US 2006/0042463 A1 describes a process and a method for the removal of acid components in a flow of natural gas by using a two-stage membrane separation process. The crude gas is cooled and pretreated before it is brought into contact with a membrane separation unit. Permeate from this unit is cooled then compressed, led through a filter separator, to enter the second membrane separation stage. Permeate from this stage is cooled before being led to a micro turbine generator.
CO2 has been used for decades to flood oil reservoirs since this can improve the recovery of hydrocarbons from the reservoir. All current applications of this technology in an industrial scale are performed on onshore fields. In the recent years, however, this technology was increasingly considered for use in offshore oil fields due to the desire to extract additional oil resources. This method also provides for the simultaneous storage of CO2 in the oil reservoirs and therefore contributes to the abatement of greenhouse gases.
When CO2 or hydrocarbon gases are used to flood oil reservoirs, this is mainly arranged by the intermittent injection of the gas and water in an operation called Water Alternating Gas or “WAG”. Another way to flood such a reservoir is by the simultaneous injection of the fluids. In this case, the operation is called “SWAG”.
A major constraint to applying CO2 flooding in offshore oil reservoirs is, however, the handling of the well stream that results from the flooding. A part of the CO2 gas will follow the production of hydrocarbons and water and lead to rapidly increasing amounts and concentrations of CO2 which will reach the well stream separation equipment on the offshore production facility. These facilities may not have been designed for treating such flow conditions. Very high modification costs may thus be needed to accommodate the facility with new treatment capacity.
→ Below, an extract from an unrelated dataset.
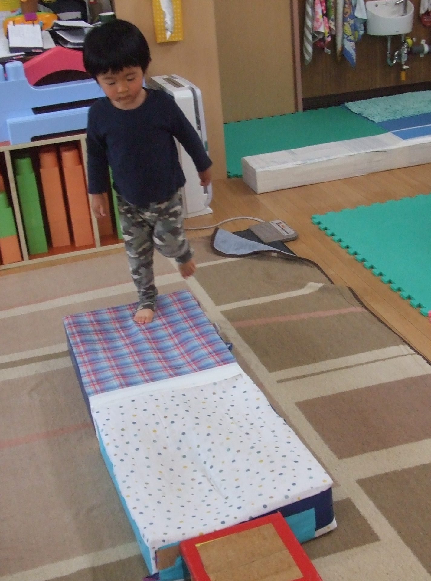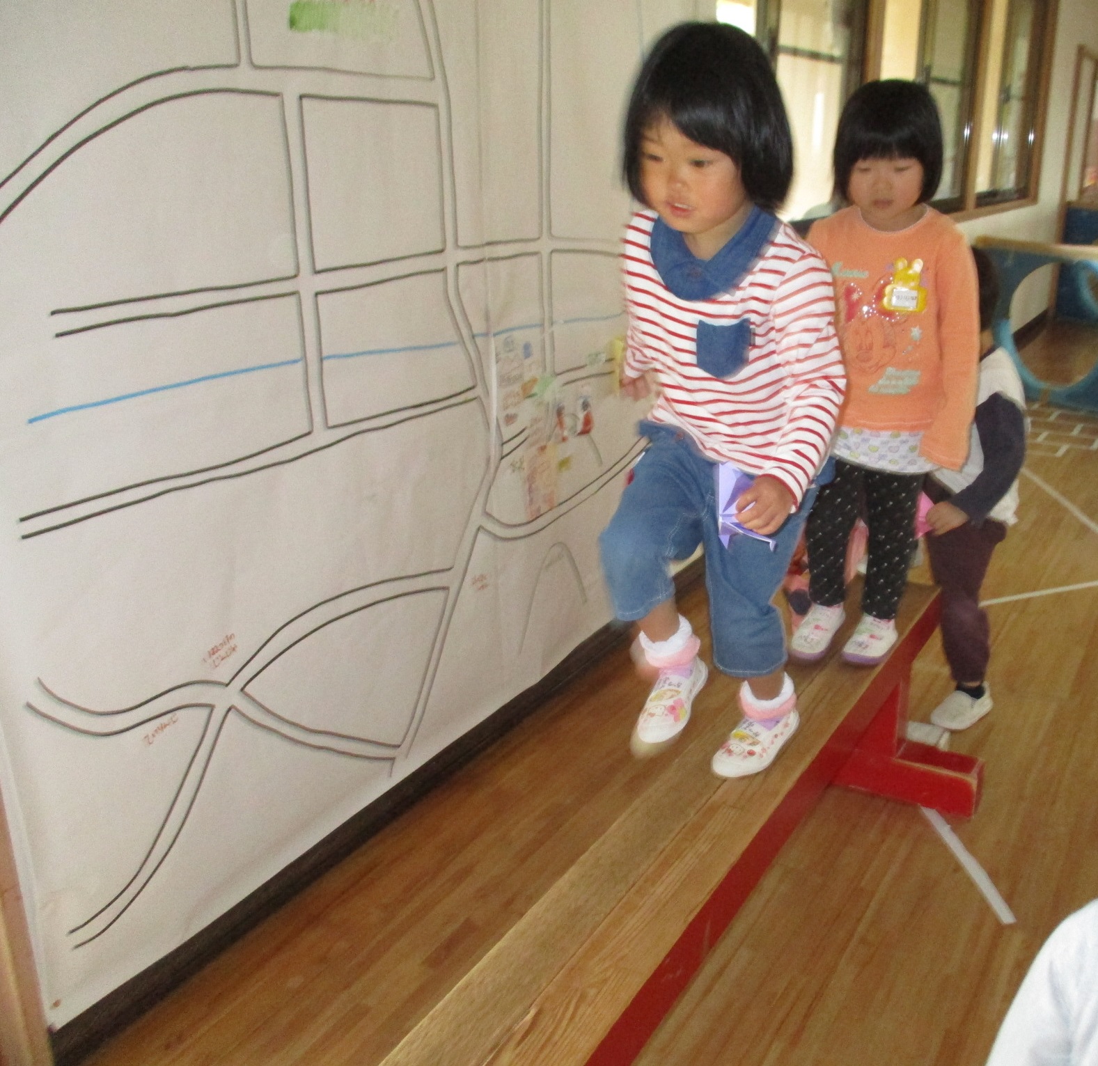 平均台も「一本橋みたいだね!」と農道で遊んでいるように上手に渡っていて、戸外での活動で自信がついていた子ども達は怖がることなくどんどん進む姿が見られました。
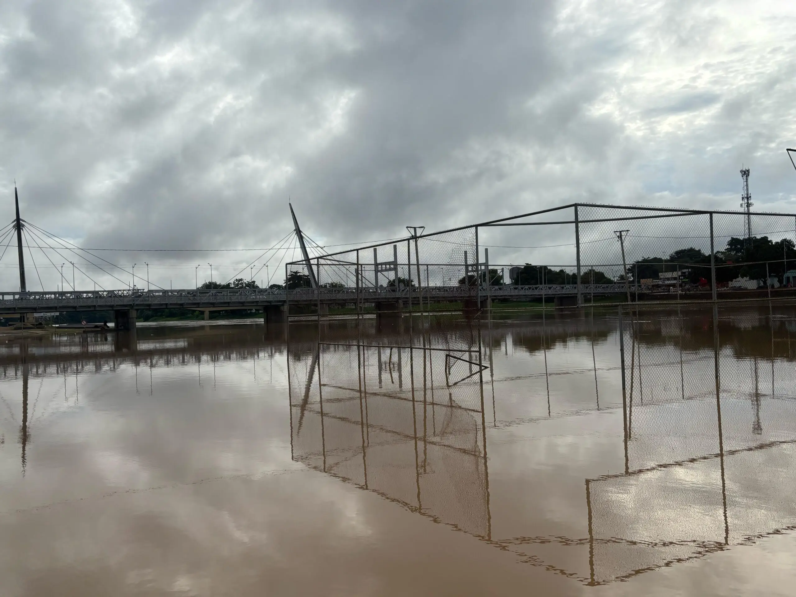 O rio está mais de 1 metro acima da cota de transbordamento, que é de 14 metros.

As noted above, the equipment needed for CO2 separation by conventional methods is generally significant and with little spare weight and space on offshore facilities, the commercial use of offshore CO2 flooding has to date not been sanctioned in commercial projects.
Moreover, when CO2 or hydrocarbon gases are mixed with or contact water, as in WAG or SWAG operations, great attention must be paid to the mixing or contacting conditions to avoid the formation of hydrates. This typically occurs in the temperature range of 15-20° C., depending on the pressure. These temperatures may be reached when transporting CO2 in underwater pipelines unless these are insulated or heated. When such a risk for hydrate formation exists, valves are usually arranged to avoid the two fluids coming into contact with each other through leaking valves. Antifreeze chemicals such as MEG or methanol are used as a buffer between water and hydrocarbon gas/CO2 in an over-pressurized barrier so that a potential leakage is routed from the MEG/methanol to the water/gas side.